Schedule	A rule that says when the orchestrator should evaluate or create runs	Every hour, daily at 02:00, every Monday
Trigger	A concrete condition that causes a run to start	Dataset updated, file arrived, SLA breached, manual correction approved
Run	A specific execution attempt with identity, input scope, config, and output target	`daily_case_snapshot/2026-07-04`
Data interval	The logical input window owned by a run	`[2026-07-03T00:00Z, 2026-07-04T00:00Z)`
Processing time	The wall-clock time when the run executes	`2026-07-04T02:03Z`
Publication time	The time output becomes visible to consumers	`2026-07-04T02:18Z`

A run is not defined by when it starts. A run is defined by what it is responsible for producing.

The run manifest is the durable record that connects scheduling intent to execution evidence.

2. The Core Invariant

The invariant for scheduling and triggering is:

For every required output interval or asset version, there must be exactly one accepted publication, or a durable explanation of why publication did not happen.

This does not mean only one execution attempt. Retries may happen. Reprocessing may happen. A bad run may be superseded. But publication must be controlled.

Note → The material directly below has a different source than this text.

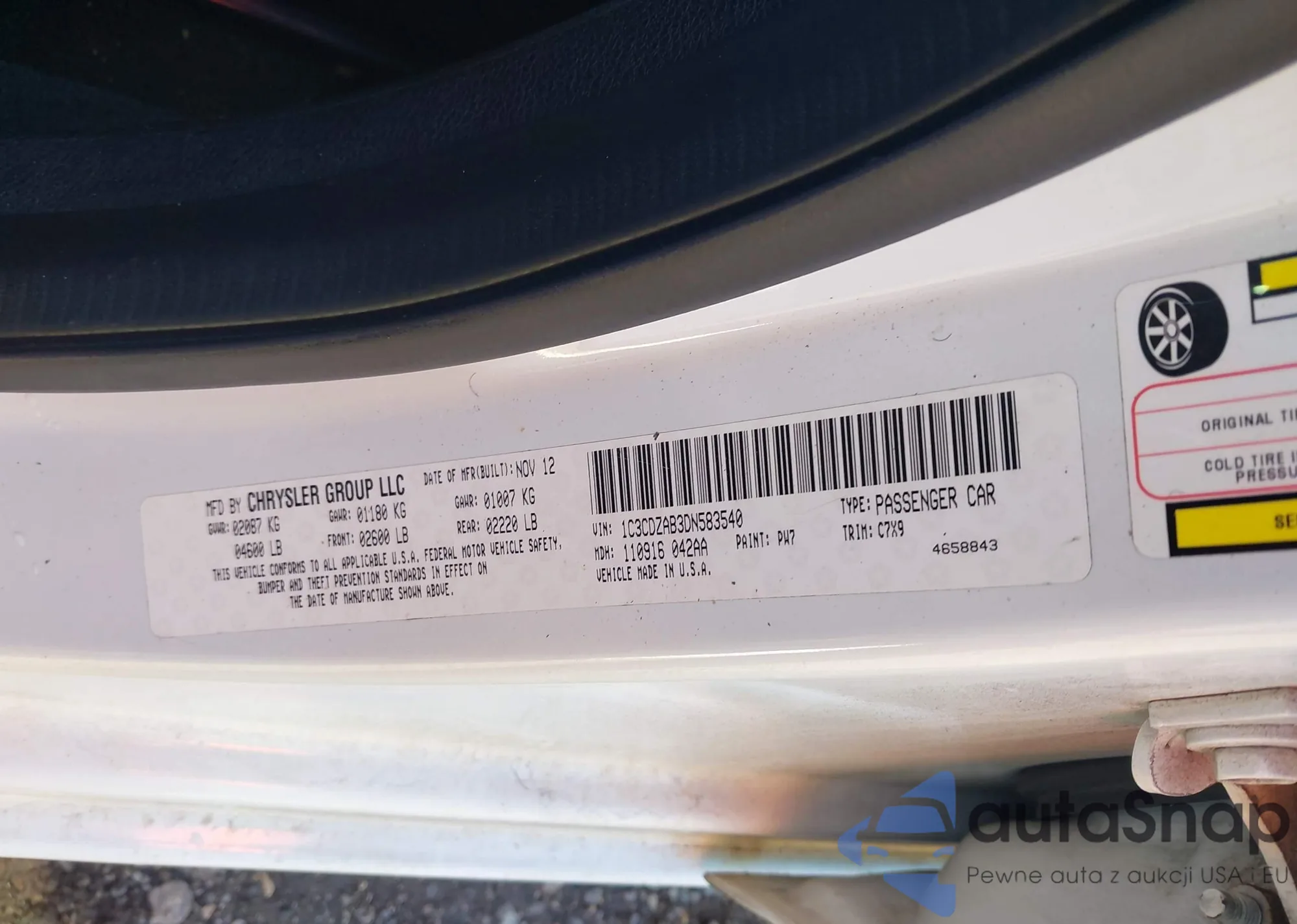 • VIN: 1C3CDZAB3DN583540

A production-grade pipeline distinguishes:

run creation
run execution
run attempt
output staging
output publication
output supersession
consumer notification

Without this distinction, scheduling becomes dangerous.

Example failure:

02:00 cron starts job.
Job writes half of partition.
Worker dies.
03:00 cron starts next job.
Both jobs write to same output path.
Downstream report reads mixed output.
All tasks show "green" eventually.

The correct model:

02:00 run owns interval D.
It writes to a unique staging location.
It validates output.
Only a successful commit publishes interval D.
03:00 run owns interval D+1, not D.
If D is not published, downstream dependency remains blocked or explicitly degraded.

3. Trigger Types

Most real platforms need more than one trigger type.

3.1 Cron Trigger

Cron is time-based.

Use it when the input is expected to be available on a regular cadence or when the output itself is time-cadenced.

Good use cases:

daily regulatory snapshot
hourly aggregate refresh
weekly archive compaction
monthly reconciliation
scheduled export

Weaknesses:

cron does not know whether source data arrived
cron can run too early
cron can keep running over stale data
cron can hide source outage
cron can cause unnecessary runs

Cron is not wrong. It is incomplete.

A cron trigger should usually be paired with a readiness check:

Cron says: it is time to evaluate.
Readiness says: the required input exists.
Manifest says: this run owns interval X.

3.2 Event Trigger

Event trigger starts a run because something happened.

Examples:

object storage file created
Kafka topic received control event
CDC snapshot completed
partner webhook received
upstream system emitted export-ready event
case correction approved

Strengths:

lower latency
less wasted work
closer alignment to actual source changes

Weaknesses:

events can be duplicated
events can be lost unless captured durably
events can arrive before data is readable
events may not represent completeness
event ordering may not match business dependency ordering

Event trigger must not mean "trust every notification blindly".

It should mean:

An external fact was observed.
Create or update trigger state.
Evaluate whether a run should now exist.

3.3 Dataset / Asset Trigger

Dataset trigger starts a run when an upstream dataset or asset is updated.

This is more semantic than file-arrival or task-success triggering.

Instead of:

Run B after task A succeeds.

Use:

Run B when dataset customer_profile_silver has a new published version.

This is powerful because consumers usually depend on data products, not implementation tasks.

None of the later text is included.